---------- Data provided ----------
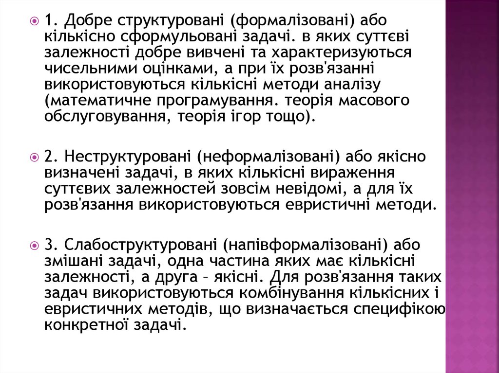 1. Добре структуровані (формалізовані) абокількісно сформульовані задачі. в яких суттєві
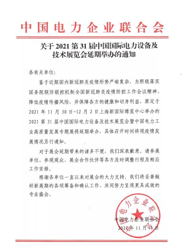 鑒于近期疫情防控形勢趨于嚴峻,為了貫徹落實國務院聯(lián)防聯(lián)控機制防疫要求,以所有參展商與觀眾的健康安全為首要考慮,同時保障展會效果,原定于 2021年11月30日至12月2日在上海新國際博覽中心舉辦的「第三十一屆上海國際電力設(shè)備及技術(shù)展覽會」暨「第二十三屆上海國際電工裝備展覽會」延期舉辦。具體延期方案將根據(jù)政府疫情防控規(guī)定另行通知。
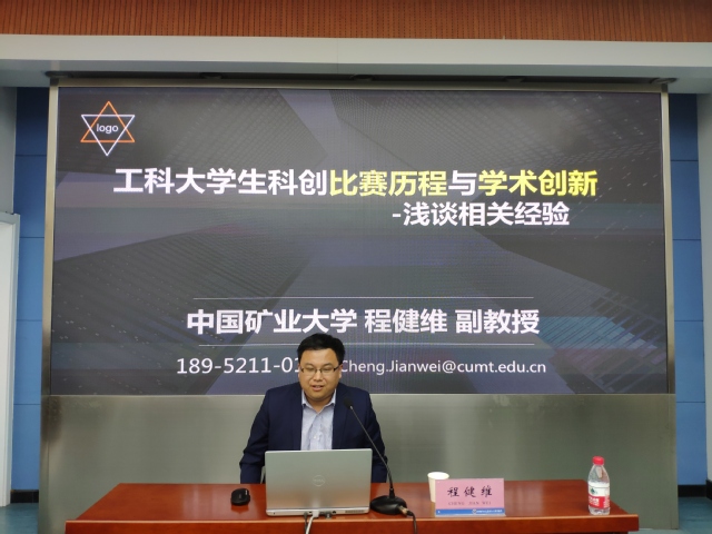 于4月24日在矿业科学中心召开创新创业交流会。本次交流会由校创新创业十佳优秀指导教师获得者程健维副教授主讲,由院团委书记刘世通老师主持。40余名2018级与2017级的本科生参与到本次活动中。
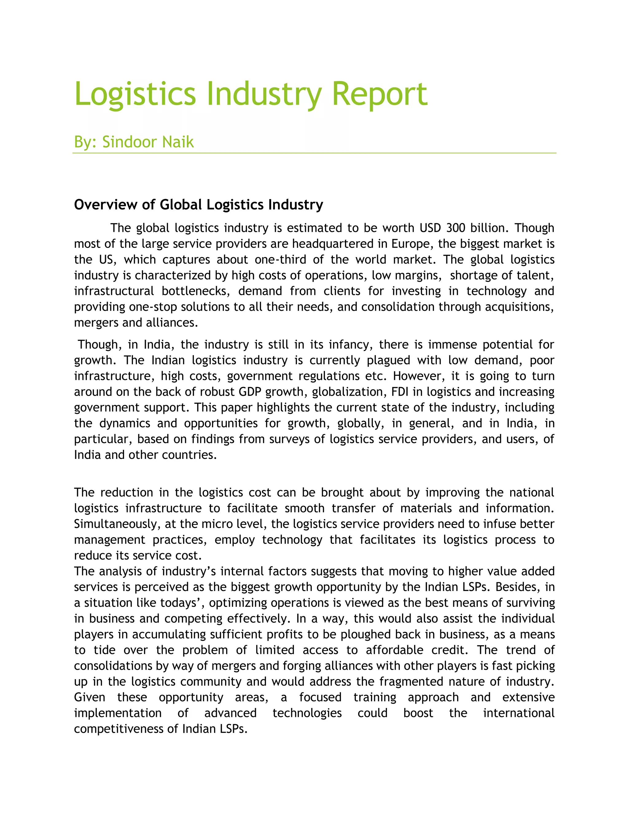 The document provides an overview of the global and Indian logistics industries. It discusses key challenges facing the logistics industry such as high costs, infrastructure bottlenecks, shortage of talent, and demand for new technology. While the global logistics industry is estimated to be worth $300 billion, the Indian industry still has immense growth potential but faces issues like low demand, poor infrastructure, and high costs. The document also analyzes opportunities and trends in the Indian logistics industry such as the need for improved infrastructure, adoption of new technologies, skills development, and industry consolidation through mergers and partnerships.
----------
(What you will do) Extract from the material above the stretch running from the line containing "鑒于近期疫情防控形勢趨于嚴峻" through the line containing "于4月24日在矿业科学中心召". Keep the text exact and the pictures out.

(Completed exercise)
 鑒于近期疫情防控形勢趨于嚴峻,為了貫徹落實國務院聯(lián)防聯(lián)控機制防疫要求,以所有參展商與觀眾的健康安全為首要考慮,同時保障展會效果,原定于 2021年11月30日至12月2日在上海新國際博覽中心舉辦的「第三十一屆上海國際電力設(shè)備及技術(shù)展覽會」暨「第二十三屆上海國際電工裝備展覽會」延期舉辦。具體延期方案將根據(jù)政府疫情防控規(guī)定另行通知。
 于4月24日在矿业科学中心召开创新创业交流会。本次交流会由校创新创业十佳优秀指导教师获得者程健维副教授主讲,由院团委书记刘世通老师主持。40余名2018级与2017级的本科生参与到本次活动中。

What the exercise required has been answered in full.